Debiasing a biased coin

Suppose you have a coin that you suspect might be biased. Here’s how you can debias it so that there’s a 50-50 chance of heads or tails, thanks to a neat idea often attributed to von Neumann (1951/1963, p. 768):

“… in tossing a coin it is probably easier to make two consecutive tosses independent than to toss heads with probability exactly one-half. If independence of successive tosses is assumed, we can reconstruct a 50-50 chance out of even a badly biased coin by tossing twice. If we get heads-heads or tails-tails, we reject the tosses and try again. If we get heads-tails (or tails-heads), we accept the result as heads (or tails). The resulting process is rigorously unbiased, although the amended process is at most 25 percent as efficient as ordinary coin-tossing.”

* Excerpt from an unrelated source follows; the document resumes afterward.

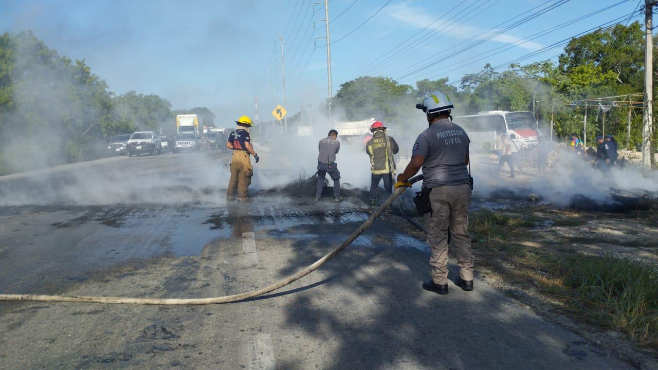 Los inconformes bloquearon la carretera federal 307 en dirección de Tulum a Felipe Carrillo Puerto, incendiando llantas como forma de protesta. De acuerdo con versiones de los afectados, en la acción participaron presuntos grupos de choque, quienes no solo actuaron con violencia, sino que también habrían robado pertenencias durante el frustrado desalojo.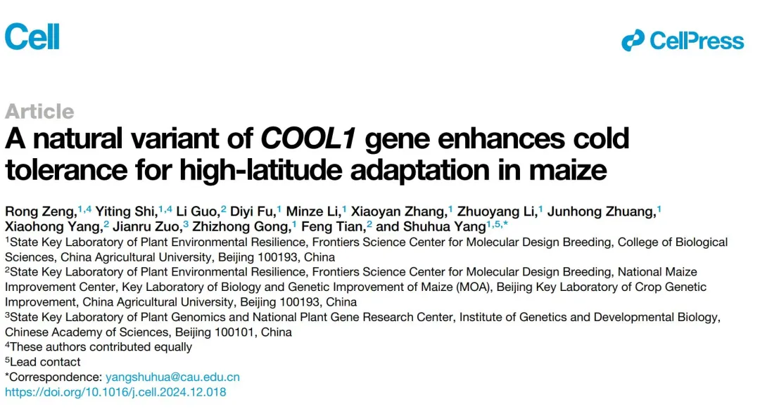 近日,中國農(nóng)業(yè)大學生物學院植物抗逆高效全國重點實驗室楊淑華課題組在Cell雜志在線發(fā)表了題為A natural variant of COOL1 gene enhances cold tolerance for high latitude adaptation in maize的研究論文。該研究首次揭示了玉米適應高緯度低溫環(huán)境的分子機制,發(fā)現(xiàn)玉米COOL1基因的自然變異通過增強低溫耐受性,促進其適應高緯度環(huán)境。這一發(fā)現(xiàn)彌補了關于玉米適應高緯度低溫環(huán)境的知識空白,并為高緯度地區(qū)玉米的種植提供了新的分子育種策略。

Why does this work? First, the probability of heads followed by tails ($$HT$$) is the following product, since coin flips are independent:

$$P(HT) = P(H) [1-P(H)]$$

We get the same answer for tails followed by heads ($$TH$$):

$$P(TH) = [1-P(H)] P(H) = P(H) [1-P(H)]$$

So, $$P(HT) = P(TH)$$, which already hints at why this works.

For example, if a coin is so ridiculously biased that it only has a 10% chance of a heads outcome, then

$$\displaystyle P(HT) = P(TH) = \frac{1}{10} \frac{9}{10} = \frac{9}{100}$$

We really want a debiased coin to have a 50-50 chance of a heads or tails outcome. That’s where ignoring $$HH$$ and $$TT$$ outcomes helps; we condition on $$HT$$ or $$TH$$.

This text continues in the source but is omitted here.